A vertical merger is a combination of two companies operating in different stages of the same supply chain or distribution channel. It involves the integration of upstream and downstream activities to streamline operations, reduce costs, or gain a competitive advantage.

Take-Private

A take-private deal is a transaction where a publicly traded company is purchased and, as a result, stops being listed on a public exchange.

Stock-for-Stock Exchange

A stock-for-stock exchange is a type of transaction where the acquiring company offers its own shares as consideration for acquiring the target company. It allows the target company’s shareholders to become shareholders of the acquiring company.

Stock Purchase

A stock purchase involves buying the shares of a company, giving the buyer ownership of the company’s assets, liabilities, and equity.

Stock Acquisition

A stock acquisition is a transaction in which a company acquires a controlling interest in another company by purchasing its shares. It enables the buyer to gain ownership and control of the entire business, including its assets, liabilities, and operations.

Spin-Off

A spin-off is a transaction in which a company separates a part of its business into a new independent entity.
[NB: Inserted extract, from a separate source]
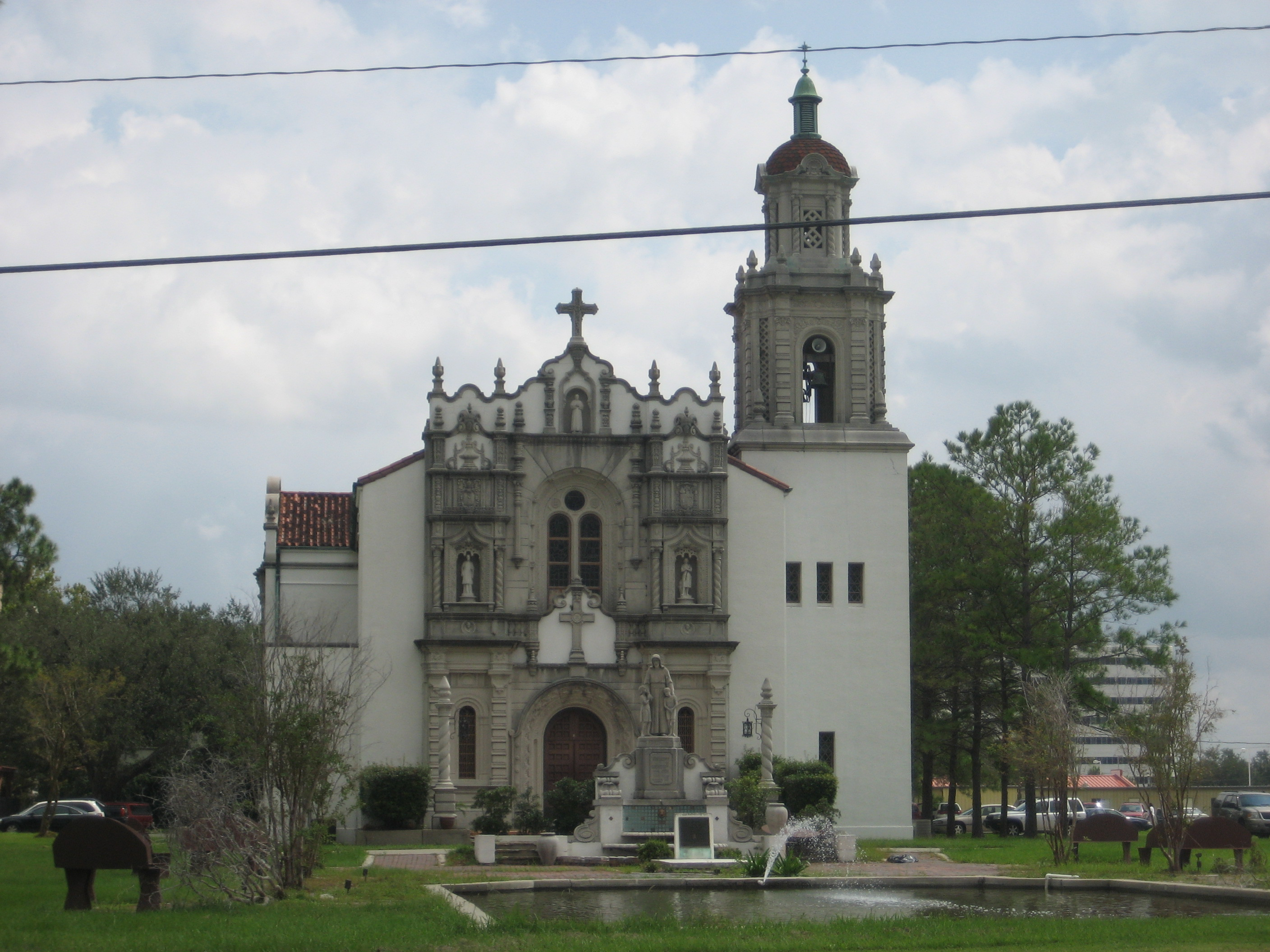 Saint John Bosco church, Marrero, Louisiana

The new entity receives assets, liabilities, and operations related to the spun-off business segment, allowing it to operate independently or pursue its own strategic direction.

Merger of Equals

A merger of equals is a combination of two companies of similar size, strength, and influence to form a new entity. It involves a collaborative approach where both companies contribute equally to the merged entity’s governance, management, and operations.